The annual Gulls’ Eggs City Luncheon brings together 600 of London’s top wealth managers, bankers and lawyers to feast on the eggs and plum cake
Extreme sports have long been alluring to gentlemen of the City: evidently the adrenaline induced by staking their clients’ money and their careers on risky bets can’t be allowed to subside, hence trips up mountains and down submarine crevasses. One activity worth considering both for the danger and for the reward, were it not highly regulated, would be scaling vertiginous cliffs to retrieve gulls’ eggs.
As recondite as that seems, the gull’s egg – green, with dark speckles – plays a significant role in the City’s social and philanthropic calendar. The annual Gulls’ Eggs City Luncheon, held for the past few years in the airy chamber and sunny courtyard of Merchant Taylors’ Hall and this year on 17 May, brings together 600 of London’s top wealth managers, bankers and lawyers to feast on the eggs and plum cake. The eggs are a delicacy because Defra tightly controls their collection: only around 40,000 are gathered by 25 licensed specialists every year. They are a translucent grey when boiled and richer than hens’ eggs.

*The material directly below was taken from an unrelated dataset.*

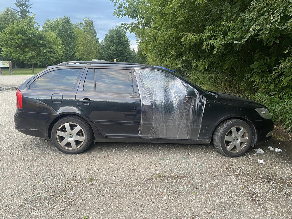 Jedno z poškozených vozidel na parkovišti u přírodního jezera Poděbrady nedaleko Olomouce

Zoe Couper, founder of strategic advisory and communications firm Couper & Partners, is in her second year as chairman, and sees a certain magic in the event which has kept it going for almost 25 years. ‘It’s slightly quirky,’ she says. ‘Eccentrically English. It brings people together: they can drop by for five minutes or stay for two hours. There’s no agenda, no seating plan, no speeches, no auction.’ Last year’s mix of guests saw retired City heavyweights queuing next to fresher-faced junior partners at law firms.
The luncheon was founded by Mark Cannon Brookes of Smith & Williamson. ‘There was a very well-known man of impeccable descent who had a grouse moor and they had a gullery too, so we didn’t need to ask permission [of the government]. They cost about 4p each. Unfortunately the gulls shoved off, but he continued to buy them.’ The eggs, due to their rarity, now cost £4 each.
‘It’s always been a rather exclusive party,’ he says. ‘Given its origin, it became self-marketing.’
The charitable aspect has been there since the start. Macmillan Cancer Support were the chosen charity and have remained so; the luncheon is their second biggest event in London, raising £94,000 last year. Part of the money comes from sponsors – the first were Hermes and De Beers, and this year Brewin Dolphin, Brown Shipley, Close, J.P. Morgan and Smith & Williamson are among them – part from ticket sales and part from a raffle.
To dispel fears of the luncheon ageing itself out of existence, younger members (under 40) were added to the committee, including Zoe, Harry Lawson Johnston and Rupert Robinson. Part of Zoe’s challenge has been to reinvigorate the event, ‘maintaining its integrity and tone’, she says, without ruining it for its more senior attendees. She has done this by broadening it out to other wealth management sectors – private equity and the hedgies of the West End, for example – and said that one idea under consideration was holding an additional event nearer Christmas in the West End.
The luncheon has acquired standing and it will be as full this year as ever, the true start of the City’s summer.